The Town Hall and District School No. 6 are a pair of historic government buildings at 12 South Street in Morris, Connecticut. The school, built about 1772, and the town hall, built 1861, are well-preserved examples of vernacular civic architecture. They presently house the local historical society museum, and were listed on the National Register of Historic Places in 1987.

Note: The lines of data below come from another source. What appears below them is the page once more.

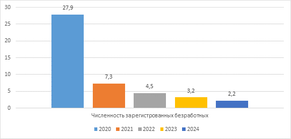 Рисунок 12 - Численность зарегистрированных безработных в Волгоградской области (на конец года), тыс. человек [16]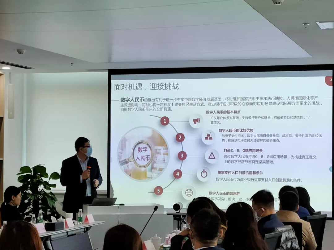 中国银行北京使馆区支行交易银行部主任李肖阳进行中国银行数字人民币创新性应用场景解读,介绍了中国银行在数字人民币应用方面的优势以及其解决的痛点。我们要面对机遇,迎接挑战。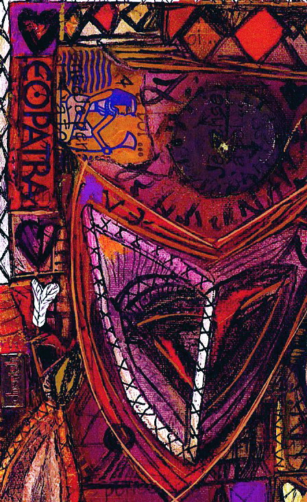 Medium: Acrylic, permanent ink, collage, on canvas with archival varnish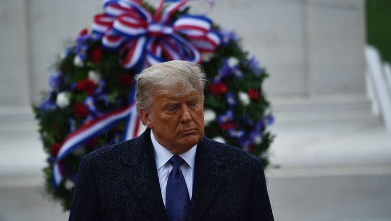 President Donald Trump attends a "National Day of Observance" wreath laying ceremony on November 11, 2020 at Arlington National Cemetery in Arlington, Virginia. (Photo by BRENDAN SMIALOWSKI/AFP via Getty Images)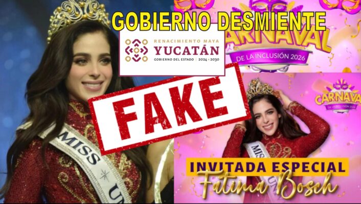 Mérida, Yucatán, a 6 de febrero de 2026.- El Gobierno del Estado de Yucatán informa de manera puntual y categórica que no es verdadero el contenido de publicaciones difundidas recientemente en redes sociales y algunos espacios digitales en las que se afirma la realización de un desfile o evento del Carnaval encabezado por la Miss Universo Fátima Bosch en la ciudad de Mérida.
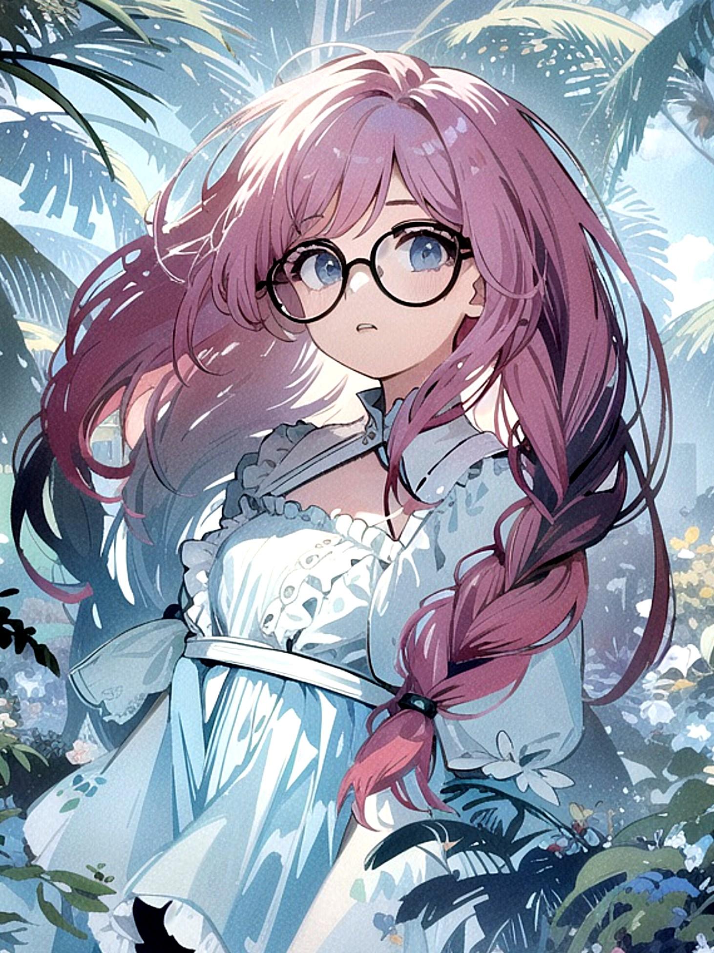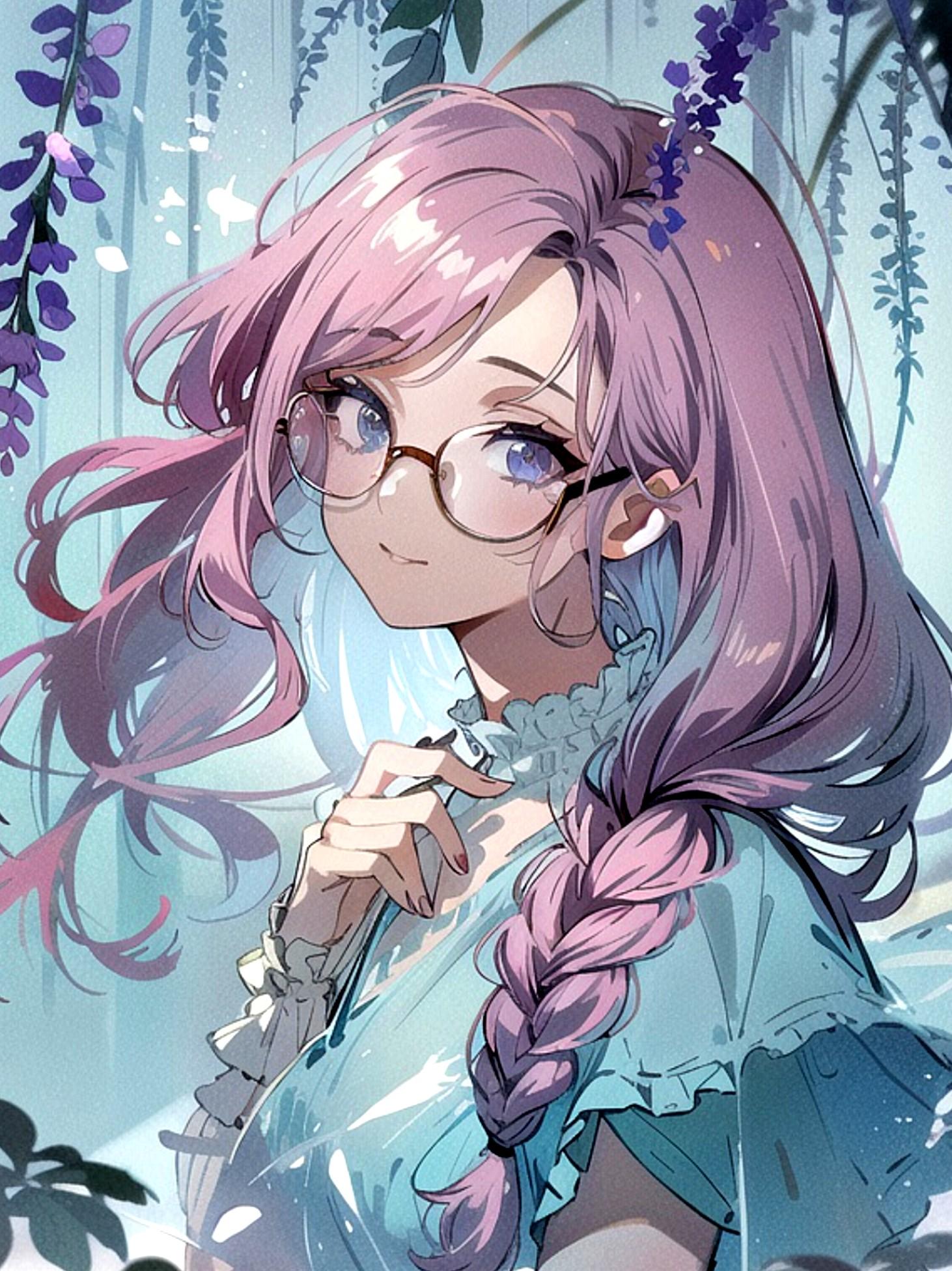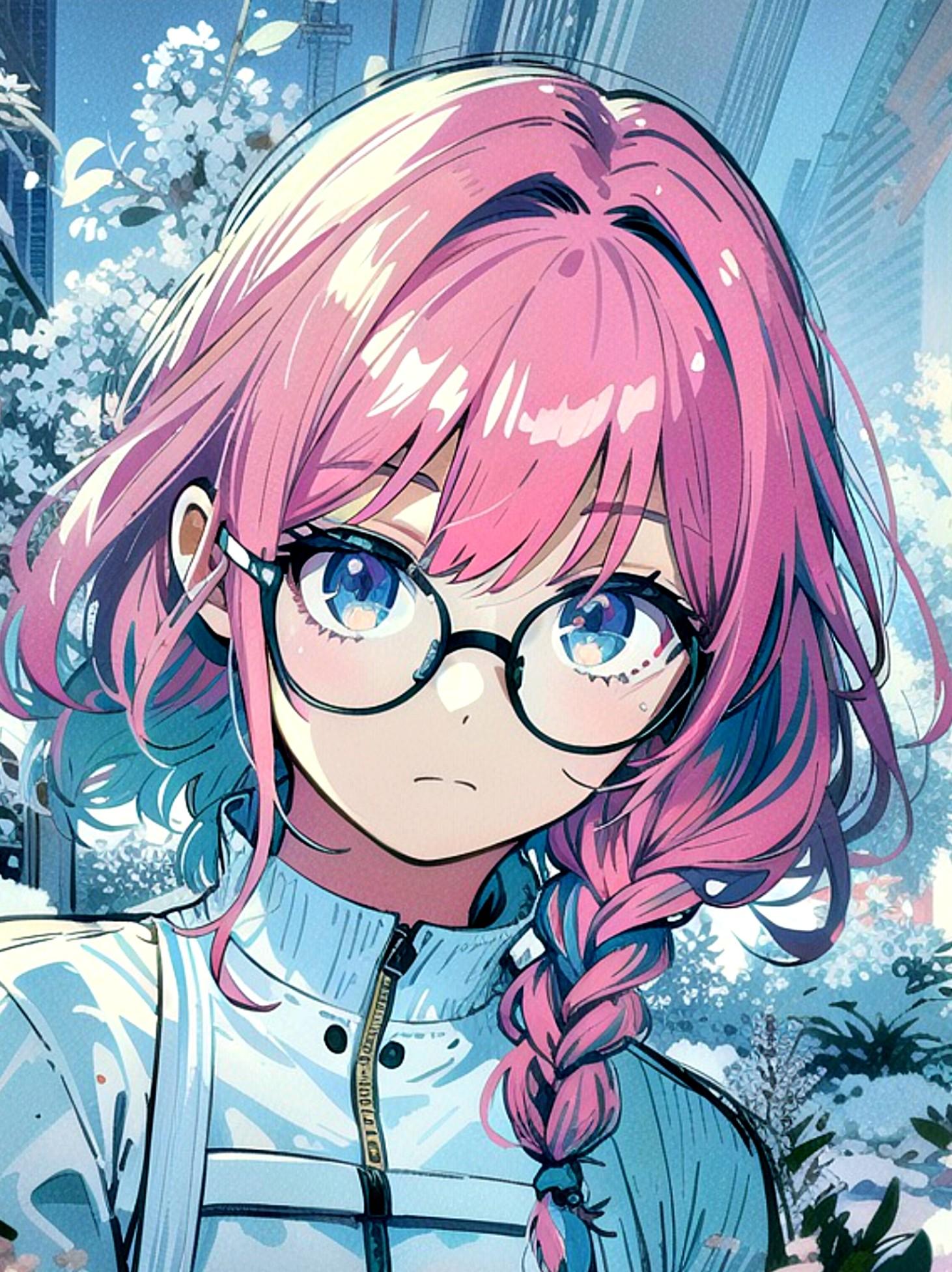 眼鏡三つ編みのピンク髪ちゃん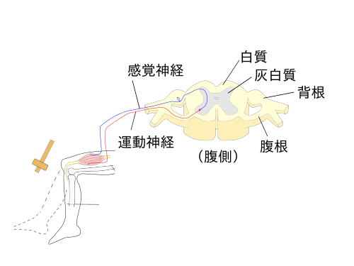 太い骨格筋につながる腱を筋が弛緩した状態で軽くハンマーで叩くと、一瞬遅れて筋が不随意に収縮する反射です。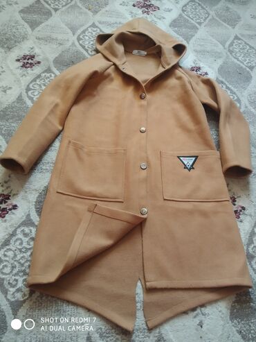 3) Демисезонная накидка/кардиган с капюшоном, цвет camel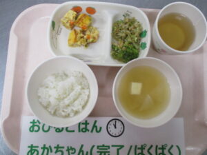【完了食】軟飯、そぼろ入り卵焼き、もやしとブロッコリーのお浸し、大根の味噌汁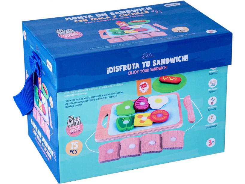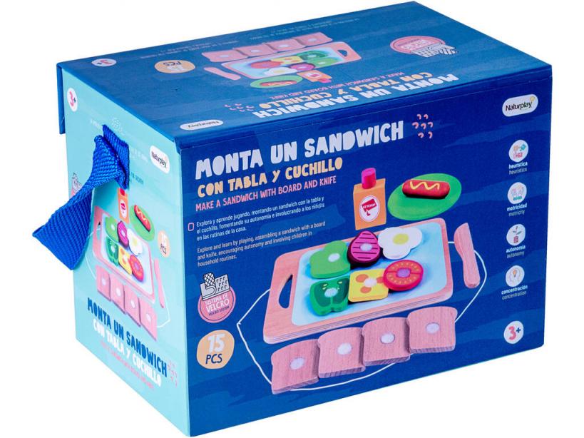 ¡Explora, aprende y deja volar la imaginación más creativa! ¡Junto al nuevo pack Monta Un Sandwich Madera con Tabla y Cuchillo de NaturPlay!Hazte con este práctico juguete de madera con el que los peques de la casa podrán disfrutar de horas del juego autónomo de imitación más genial, a la vez que adquieren un sin fin de destrezas de lo más útiles para el día a día. Ahora podrán crear sus sándwiches preferidos, mezclando ingredientes sobre la tabla de trabajo y mucho más. ¡Un modo de juego que les ayuda a desarrollar habilidades como la motricidad fina, la concentración, la imaginación y mucho más!Juguete fabricado con madera ligera y resistente, con el tamaño ideal para las manitas de los más peques de la casa. Materiales seguros, con sistema adhesivo para poder darle aún más realismo al juego más imaginativo.Edad recomendada: 3 años o más.Colección: NaturPlay.Número total de piezas: 15 piezas.Incluye: 1 tabla de cortar de madera con asa de mano, 1 cuchillo cortador de madera, 4 rebanadas de pan de madera con pieza adhesiva, 1 plato de madera verde, 1 bote de ketchup de madera, 1 salchicha de madera, 1 rodaja de tomate con pieza adhesiva, 1 rodaja de pimiento con pieza adhesiva, 1 loncha de queso con pieza adhesiva y más piezas de madera.Medidas aproximadas de la tabla: 0,6 cm de alto, 17,8 cm de ancho y 12,5 cm de fondo.Medidas aproximadas de cada rebanada de pan: 5,8 cm de largo, 5,5 cm de ancho y 0,6 cm de fondo.Medidas aproximadas del cuchillo: 12 cm de largo, 2,3 cm de ancho y 0,8 cm de fondo.Medidas aproximadas de la caja de almacenaje: 14 cm de alto, 19 cm de ancho y 12 cm de fondo.Peso aproximado de la tabla: 60 gramos.

==Description and history==
The former town hall and district school stand in the village center of Morris, on the west side of South Street (Connecticut Route 61) opposite the village fire station. The town hall is a single-story wood frame structure with a gabled roof, clapboarded exterior, and stone foundation. A square belfry with pilastered corners, louvered openings, and pyramidal roof graces the roof ridge. The main facade has a pair of symmetrically placed entrances, each topped by a simple cornice. The school building is smaller, with a similarly clapboarded and gable-roofed exterior. It has original windows and plaster walls, but other interior features are replacements.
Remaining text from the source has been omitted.